In 2001, the same year Wind River Alliance was formed, Dick was invited to Banff for a meeting hosted by Y2Y in which representatives of First Nations and Native American tribes came together to discuss the relationship between indigenous peoples and the Y2Y Conservation Initiative.

“When I first heard the concept of Y2Y,” says Dick, “I thought, man, these guys are crazy.” But as a person of vision himself, he quickly realized the value of large-landscape scale connectivity - and the importance of articulating a vision as the necessary first step toward its achievement. Dick agreed to serve on Y2Y's Aboriginal Advisory Group, and also became a Y2Y board member.

“First Nations and Native people have to be part of the Y2Y concept,” he says. This was their land, after all, and in many cases still is.

A long history of dire circumstances put generations of indigenous people into a sort of shell, but now, says Dick, Native people are becoming more involved and more vocal in protecting their natural resources. They are not working to preserve simple commodities, but a way of life in which the earth is treated with respect, and all things are connected - rocks, trees, rivers, people.

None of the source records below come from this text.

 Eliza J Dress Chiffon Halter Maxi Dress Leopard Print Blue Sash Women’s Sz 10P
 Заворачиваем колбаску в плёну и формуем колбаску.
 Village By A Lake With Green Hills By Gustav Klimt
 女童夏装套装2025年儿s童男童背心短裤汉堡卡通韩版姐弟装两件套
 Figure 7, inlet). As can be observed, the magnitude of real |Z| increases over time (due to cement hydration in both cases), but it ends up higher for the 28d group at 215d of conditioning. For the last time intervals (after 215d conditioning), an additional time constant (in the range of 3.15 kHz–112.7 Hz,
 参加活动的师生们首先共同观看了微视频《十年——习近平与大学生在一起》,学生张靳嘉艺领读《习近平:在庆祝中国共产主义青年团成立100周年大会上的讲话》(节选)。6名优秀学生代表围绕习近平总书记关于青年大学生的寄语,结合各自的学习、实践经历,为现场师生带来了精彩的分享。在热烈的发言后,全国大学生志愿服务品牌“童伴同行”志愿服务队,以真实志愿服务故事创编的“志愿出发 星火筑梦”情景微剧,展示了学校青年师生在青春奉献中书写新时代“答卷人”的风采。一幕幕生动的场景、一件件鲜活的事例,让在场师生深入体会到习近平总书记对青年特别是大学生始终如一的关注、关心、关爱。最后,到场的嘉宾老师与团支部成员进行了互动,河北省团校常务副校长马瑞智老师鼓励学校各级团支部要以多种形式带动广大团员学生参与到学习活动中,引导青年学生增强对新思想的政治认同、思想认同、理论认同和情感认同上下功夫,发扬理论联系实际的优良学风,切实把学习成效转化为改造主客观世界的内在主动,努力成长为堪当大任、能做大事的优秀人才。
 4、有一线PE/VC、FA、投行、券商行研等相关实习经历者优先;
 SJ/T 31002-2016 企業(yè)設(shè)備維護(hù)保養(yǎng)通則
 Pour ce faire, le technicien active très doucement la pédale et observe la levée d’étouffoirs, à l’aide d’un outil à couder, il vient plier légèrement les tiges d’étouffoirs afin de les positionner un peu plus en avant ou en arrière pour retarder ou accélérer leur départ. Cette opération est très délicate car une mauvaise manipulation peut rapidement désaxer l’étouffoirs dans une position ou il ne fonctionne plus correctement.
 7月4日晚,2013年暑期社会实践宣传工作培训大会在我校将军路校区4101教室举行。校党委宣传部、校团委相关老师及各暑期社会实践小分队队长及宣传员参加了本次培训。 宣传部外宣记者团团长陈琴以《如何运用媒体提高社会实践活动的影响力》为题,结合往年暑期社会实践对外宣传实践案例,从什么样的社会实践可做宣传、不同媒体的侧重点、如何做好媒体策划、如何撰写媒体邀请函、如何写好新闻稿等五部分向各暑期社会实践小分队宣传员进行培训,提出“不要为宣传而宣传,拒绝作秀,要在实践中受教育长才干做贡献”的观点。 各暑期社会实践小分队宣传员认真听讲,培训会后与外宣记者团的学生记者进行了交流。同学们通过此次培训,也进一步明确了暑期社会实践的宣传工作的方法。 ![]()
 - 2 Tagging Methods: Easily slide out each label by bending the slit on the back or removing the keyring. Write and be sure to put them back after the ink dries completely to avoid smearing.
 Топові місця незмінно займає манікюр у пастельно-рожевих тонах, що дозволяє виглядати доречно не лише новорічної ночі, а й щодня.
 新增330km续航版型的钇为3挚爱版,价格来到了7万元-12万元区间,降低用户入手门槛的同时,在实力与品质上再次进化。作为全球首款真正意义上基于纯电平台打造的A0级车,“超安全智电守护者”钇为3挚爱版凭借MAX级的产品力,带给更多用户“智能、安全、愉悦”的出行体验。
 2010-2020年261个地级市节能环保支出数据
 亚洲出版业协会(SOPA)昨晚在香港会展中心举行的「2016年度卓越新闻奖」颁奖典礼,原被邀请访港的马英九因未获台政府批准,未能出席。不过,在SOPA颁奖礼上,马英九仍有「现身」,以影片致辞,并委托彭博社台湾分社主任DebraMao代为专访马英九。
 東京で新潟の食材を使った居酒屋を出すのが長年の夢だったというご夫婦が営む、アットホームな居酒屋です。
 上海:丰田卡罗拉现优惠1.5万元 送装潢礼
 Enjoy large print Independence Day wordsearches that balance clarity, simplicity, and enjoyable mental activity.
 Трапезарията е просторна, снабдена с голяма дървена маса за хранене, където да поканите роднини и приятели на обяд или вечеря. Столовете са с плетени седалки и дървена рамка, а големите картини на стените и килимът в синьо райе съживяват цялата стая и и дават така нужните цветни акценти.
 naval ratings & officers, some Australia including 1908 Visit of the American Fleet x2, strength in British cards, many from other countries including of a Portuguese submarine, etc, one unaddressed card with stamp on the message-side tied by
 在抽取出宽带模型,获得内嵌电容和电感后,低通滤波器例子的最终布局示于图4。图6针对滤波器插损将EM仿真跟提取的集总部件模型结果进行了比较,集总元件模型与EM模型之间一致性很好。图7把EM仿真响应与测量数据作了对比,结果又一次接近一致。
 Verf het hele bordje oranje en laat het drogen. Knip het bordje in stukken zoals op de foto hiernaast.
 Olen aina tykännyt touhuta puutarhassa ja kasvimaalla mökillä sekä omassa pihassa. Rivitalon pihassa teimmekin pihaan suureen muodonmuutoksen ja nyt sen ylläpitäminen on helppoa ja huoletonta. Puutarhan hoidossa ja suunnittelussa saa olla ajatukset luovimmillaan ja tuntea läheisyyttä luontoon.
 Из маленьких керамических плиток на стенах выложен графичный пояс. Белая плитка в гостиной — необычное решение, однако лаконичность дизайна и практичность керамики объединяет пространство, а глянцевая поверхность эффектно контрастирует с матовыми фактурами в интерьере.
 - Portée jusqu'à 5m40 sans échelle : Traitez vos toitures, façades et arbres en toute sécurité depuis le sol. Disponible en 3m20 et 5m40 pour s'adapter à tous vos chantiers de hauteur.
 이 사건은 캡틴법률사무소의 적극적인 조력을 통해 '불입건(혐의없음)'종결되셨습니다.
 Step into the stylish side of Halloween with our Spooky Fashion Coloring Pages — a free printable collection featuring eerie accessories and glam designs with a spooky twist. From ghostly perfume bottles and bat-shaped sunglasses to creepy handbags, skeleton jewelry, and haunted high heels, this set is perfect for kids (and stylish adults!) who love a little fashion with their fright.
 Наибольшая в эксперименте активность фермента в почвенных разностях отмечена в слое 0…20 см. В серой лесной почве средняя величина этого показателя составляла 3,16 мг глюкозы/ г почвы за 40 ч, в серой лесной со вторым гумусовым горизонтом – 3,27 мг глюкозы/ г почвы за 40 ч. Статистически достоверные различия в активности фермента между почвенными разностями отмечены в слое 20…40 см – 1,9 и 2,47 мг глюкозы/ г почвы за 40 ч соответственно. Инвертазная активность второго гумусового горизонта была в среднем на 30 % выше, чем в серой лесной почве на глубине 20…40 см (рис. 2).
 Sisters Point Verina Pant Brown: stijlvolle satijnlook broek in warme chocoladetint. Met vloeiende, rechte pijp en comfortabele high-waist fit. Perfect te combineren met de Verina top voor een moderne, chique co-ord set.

Dick is helping carry that momentum forward as a clear and consistent voice for the most precious gifts of the planet, like water and wildlife. He is on the boards of several conservation organizations, and is also currently active in an effort to reintroduce bison to his reservation.

“Some of the best fish and wildlife habitat left in this country is right on this reservation,” says Dick. But of course it's far more than habitat. “I look out my window at the Wind River Mountains and that's a part of me and part of my family. That's our home.”